:: DIRECTIONS ::
Begin at the line below that holds "1、打開FW,新建一個空白文" and end at the line that holds "Spilla artigianale realizzata", transcribing each line exactly and skipping any picture.

:: DATA UNDER STUDY

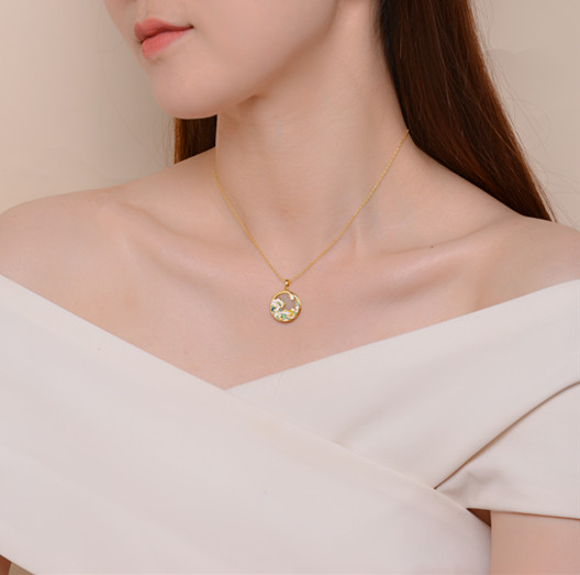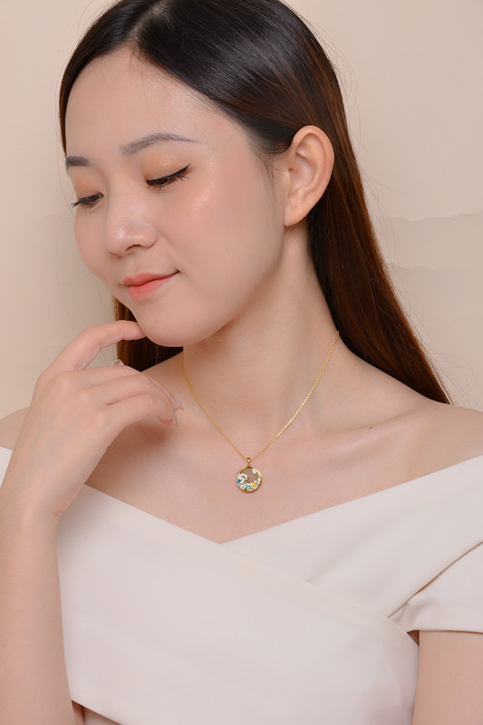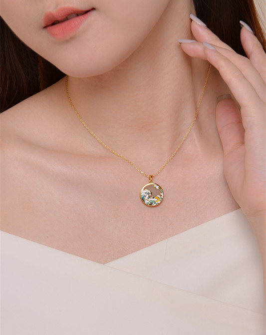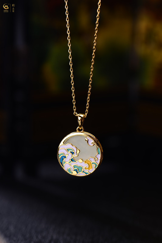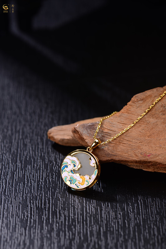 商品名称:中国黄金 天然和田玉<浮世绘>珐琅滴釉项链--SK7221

::::
:: DATA UNDER STUDY

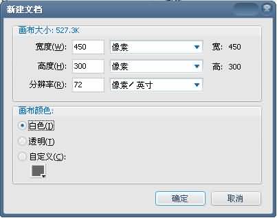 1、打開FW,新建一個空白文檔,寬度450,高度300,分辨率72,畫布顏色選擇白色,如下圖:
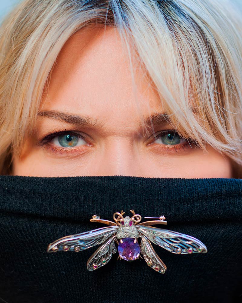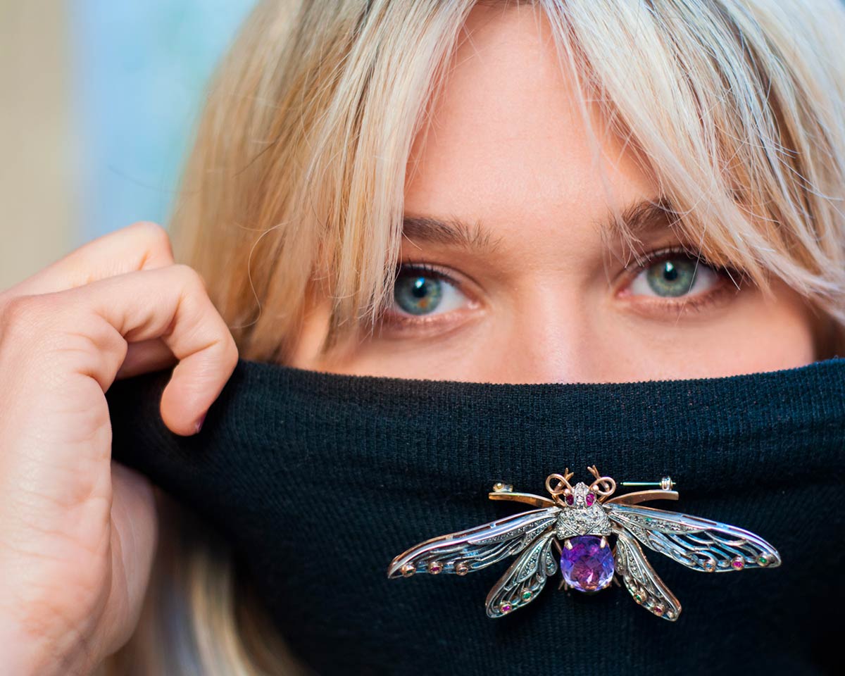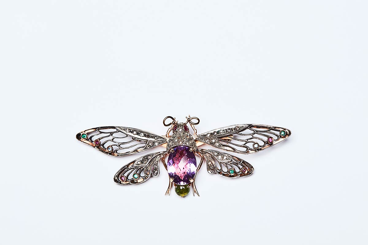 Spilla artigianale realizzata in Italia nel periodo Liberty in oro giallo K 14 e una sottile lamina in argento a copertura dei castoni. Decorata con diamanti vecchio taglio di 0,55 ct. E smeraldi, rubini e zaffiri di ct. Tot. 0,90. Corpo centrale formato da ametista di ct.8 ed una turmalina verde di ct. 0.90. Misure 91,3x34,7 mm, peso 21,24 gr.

::::

:: COMPLETED TASK ::
 1、打開FW,新建一個空白文檔,寬度450,高度300,分辨率72,畫布顏色選擇白色,如下圖:
 Spilla artigianale realizzata in Italia nel periodo Liberty in oro giallo K 14 e una sottile lamina in argento a copertura dei castoni. Decorata con diamanti vecchio taglio di 0,55 ct. E smeraldi, rubini e zaffiri di ct. Tot. 0,90. Corpo centrale formato da ametista di ct.8 ed una turmalina verde di ct. 0.90. Misure 91,3x34,7 mm, peso 21,24 gr.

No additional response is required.